I fitted my voltage regulator with new brushes on the car and put everything back into place (Intake manifold, throttle body, fuel rail, etc)

I was ready to start the car with new brushes!

I started the engine but the battery seemed to be weak and didn't have enough juice to turn the starter motor but the engine started up. The battery warning light was still on and I checked the battery voltage with the engine running and it was 9.1 Volts! So, the alternator wouldn't charge the battery!

I turned off the engine and decided to jump start it. I used my father's car for this purpose.
I jump started my car and let it idle for 2 minutes (With my father's car engine off). The voltage was increased from 9.1V to about 12V but reduced gradually to about 11.89V. Then I revved the engine a bit and let off the throttle. About 1 minute later, voltage increased to 14.3V! The alternator started working and was charging the battery! The battery warning light disappeared!

I took the car for a spin to see what will happen. Everything was fine and the engine behavior was perfectly normal. After about 30 minutes of driving, I pulled over to check the voltage and it was still 14.3V! I revved the engine to make sure the voltage regulator is working properly and the voltage didn't go higher than 14.3V regardless of RPM! It prevented over-charging!
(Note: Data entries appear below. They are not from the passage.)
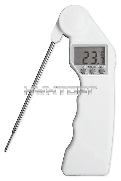 Цифровой термометр Paderno 49715-00 используется на предприятиях общественного питания и торговли для измерения температуры внутри приготовляемых продуктов и блюд.
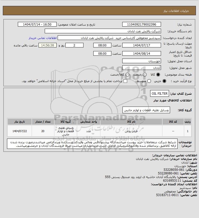 شرح کلی نیاز: OIL FILTER
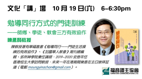 記起初信之年,因得著教會安排個人栽培,自己的靈命得以茁壯成長。其實在天路上,的確需要同行者互助互勉。陳孟賢博士的《勉導同行》理論實踐兼備,助我們建立真摯同行的關係,成為健康的門徒。
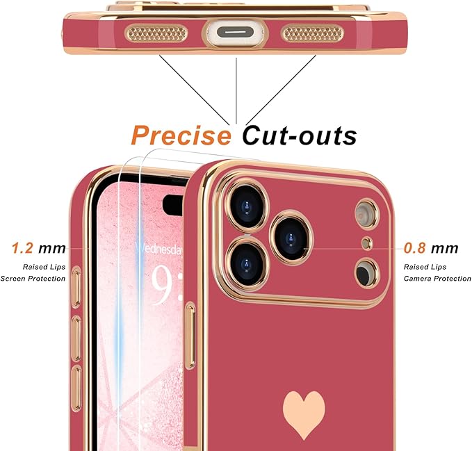 【高級デザイン】 メッキ技術は、トリムと愛のハートパターンを飾るために適用されます、中央にプリントされた大きなハートが気分を明るくする、シンプルで可愛いデザイン。それはこのアイホン 17 Proケースをスタイリッシュで目を引く、女の子や女性のための素敵な贈り物になります
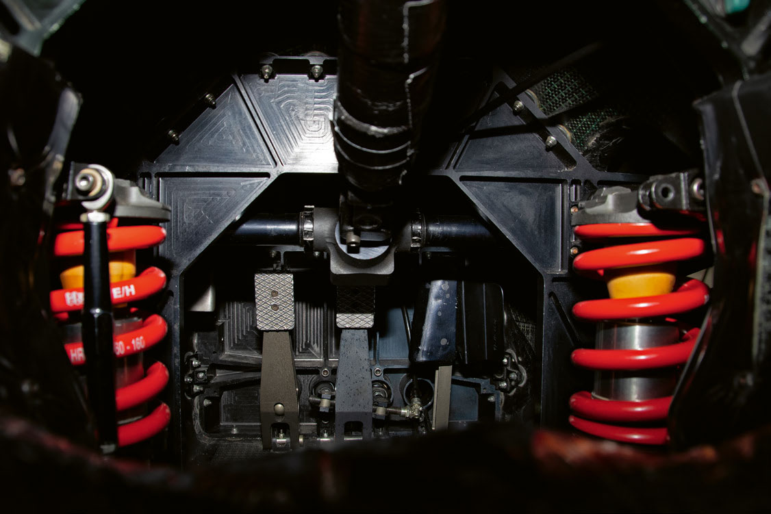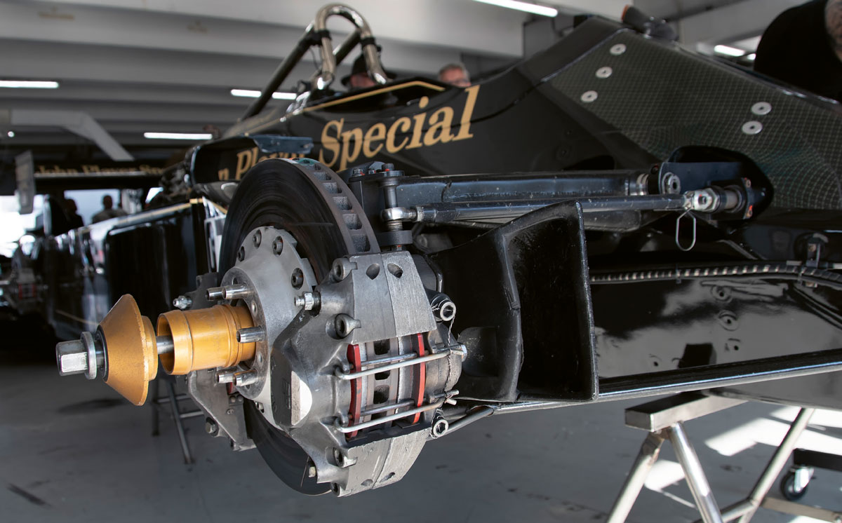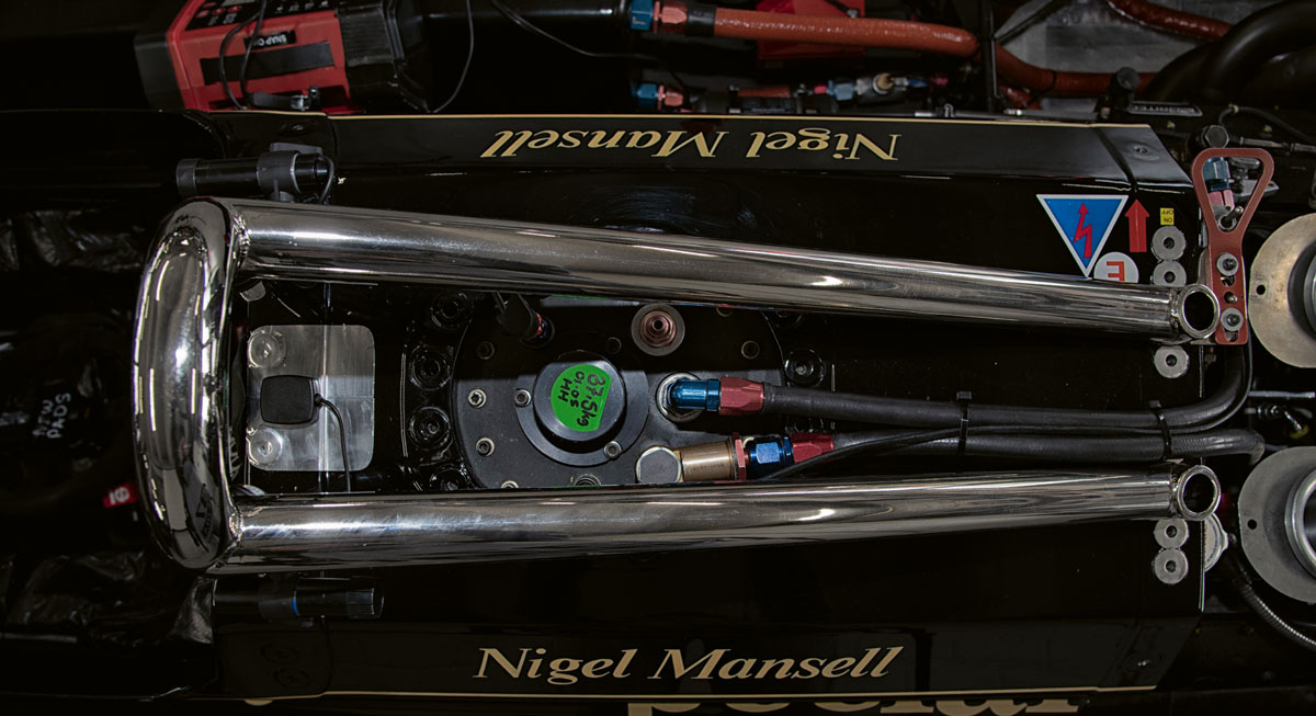 1981 startete Lotus mit Nigel Mansell noch mal mit dem Lotus 81 in die Saison. Elio de Angelis sollte mit der neuen Wunderwaffe, dem Lotus 88, antreten, der wurde aber umgehend als illegal eingestuft und so startete auch de Angelis im Rennen mit dem Lotus 81. Mit dem Lotus 88, dem berühmten „Doppelchassis“ wollte Colin Chapman einen weiteren Geniestreich in die Formel 1 bringen. (siehe Curbs #46) Doch bei beiden Auftritten wurden die 88er nach dem Training verboten. Beim zweiten Anlauf in Silverstone wurde erneut nach dem Training der Start verweigert. Nach dem endgültigen Verbot des Lotus 88 wurden in einer Nacht- und Nebel- Aktion beide 88er zum Modell Lotus 87 umgebaut. Der von uns gefahrene Lotus 87/4 war ursprünglich in Silverstone Elio de Angelis Lotus 88B /4. Er hat also zwei Chassis-Nummern und zwei „Leben“…

It seemed the voltage regulator was doing its job!

I came back home and hooked up my PSA ACTIA code reader to check if there were any faults and there were no faults found:

No-Faults-Found.webp



What do you think now?
Why the alternator didn't work during the first two or three minutes?
Do you think the problem was solved?

I turned off and on the engine several times to make sure the alternator is working and the voltage was 14.3V, no problem.